Pensar la economía de la violencia supone, como señala Campos Salvaterra, pensar un "desajuste de lo propio en sí mismo, una diferencia y diferir constitutivo y constituyente respecto de sí" (62). A diferencia de una violencia de la economía que nos golpea en función del campo jurídico que la organiza, la economía de la violencia moviliza, porque es siempre un movimiento, una ley de la partición, del intercambio y de la circulación que interrumpe cualquier intento de idealizar y ontologizar los restos que ella misma produce. El desajuste acontece, por tanto, al modo de "una diferencia fundamental cuya dinámica opera en el corazón de la idealización" (Campos 199), siendo esta diferencia, en tanto diferir originario, la fuerza excedente que desborda los límites de la historia. En virtud de esta fuerza se objetan "las articulaciones que dan forma a algo así como un 'fin de la historia' -o de la pre-historia- como fin de la violencia" (Campos 11). En otras palabras, el libro propone una lectura ética de la violencia que, lo quiera o no su autora, permite pensar una economía de la violencia revolucionaria: "la violencia misma es lo que cada vez interrumpe su propio despliegue económico, conformándolo y debilitando en un mismo gesto, en un mismo movimiento que impide, por tanto, la estabilidad de las hegemonías" (Campos 12). Esta violencia, cuya economía la subvierte e interrumpe, se piensa y acontece como una différance política. No se trata de una violencia que busca ejercerse contra un objeto externo, como tampoco es un intento de controlar y orientar sus descargas pulsionales contra un enemigo como tal. Esta violencia sobrevive porque se ejerce una y otra vez contra sus propios límites, constituyendo un quiebre con la ontología, con la posibilidad misma de un como tal que se defina en función de una lógica de la oposición, mientras no decaiga en su exapropiación. Pero, al mismo tiempo, esta economía de la violencia no puede acontecer sino a través del "misterio de su contra-dicción" (Campos 147), esto es, de su contraprueba en el lenguaje. La escisión interna de todo límite genera, en suma, un ámbito de indeterminación insoportable que, en estricto rigor, desdibuja el ámbito de la propiedad, la categoría o las leyes del género.

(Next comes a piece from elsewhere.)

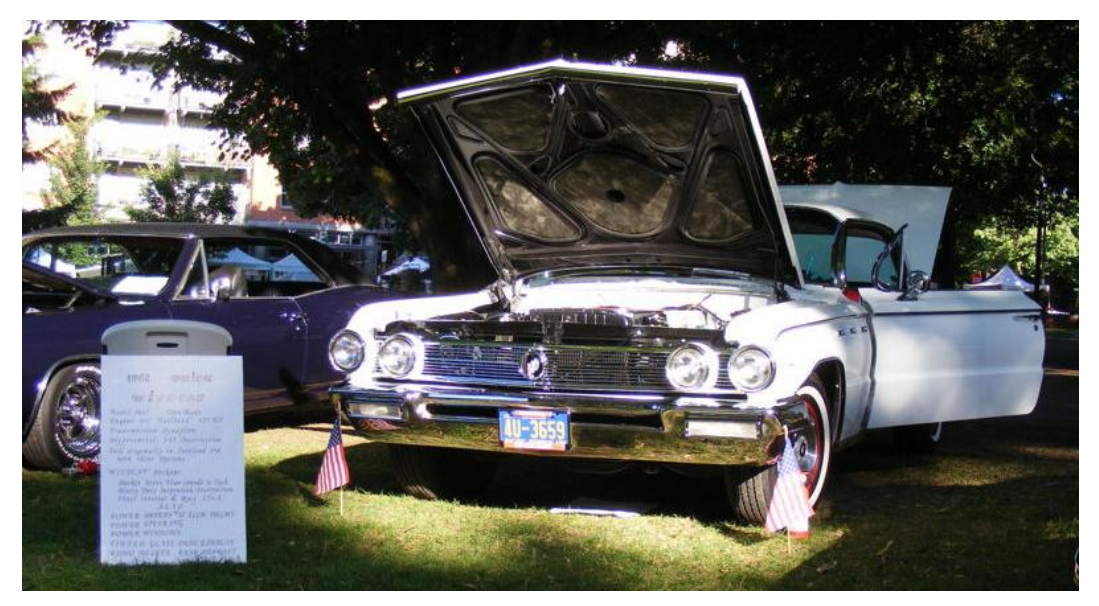
61-69 Steve Stabler's 1962 Wildcat

Lo que se anuncia en cada paso del libro, aunque no se deje reseñar, aparece como una lógica de la contaminación. Esto opera y se esboza como efecto de una fuerza de desajuste o de alienación que contamina lo ideal de la idealización con lo empírico y material de su inscripción. La violencia, en consecuencia, implica un exceso irreductible que contamina, en este caso, el campo de la economía. En tal sentido, las transacciones económicas que se realizan, siguiendo los movimientos de Campos Salvaterra, suponen no reciclar, ni hoy ni mañana, los restos del marxismo. Podría decirse que son precisamente estos restos del marxismo los que le resultan absolutamente indigerible a la autora de este libro, a la par que las ideas dominantes. Dicho esto, arriesgo la siguiente hipótesis: Transacciones peligrosas. Economías de la violencia en Jacques Derrida es un libro en el que Campos Salvaterra reescribe la relación de Jacques Derrida con el pensamiento de la justicia de Marx, haciéndolo sin verse obligada a iniciar su recorrido por lo que hoy en día es el lugar común de la espectralidad. Esto no quiere decir que no tenga ella a la vista o que deje de trabajar los Espectros de Marx, pues, como podrá comprobar el lector, es a partir de estos que los ecos de la economía de la violencia permitirían hacer de la revolución "una espera sin horizonte de espera" (Derrida 1993 267). En tal sentido, Transacciones peligrosas, sin volver directamente sobre Marx, moviliza con Derrida una deconstrucción económica de la crítica de la economía política.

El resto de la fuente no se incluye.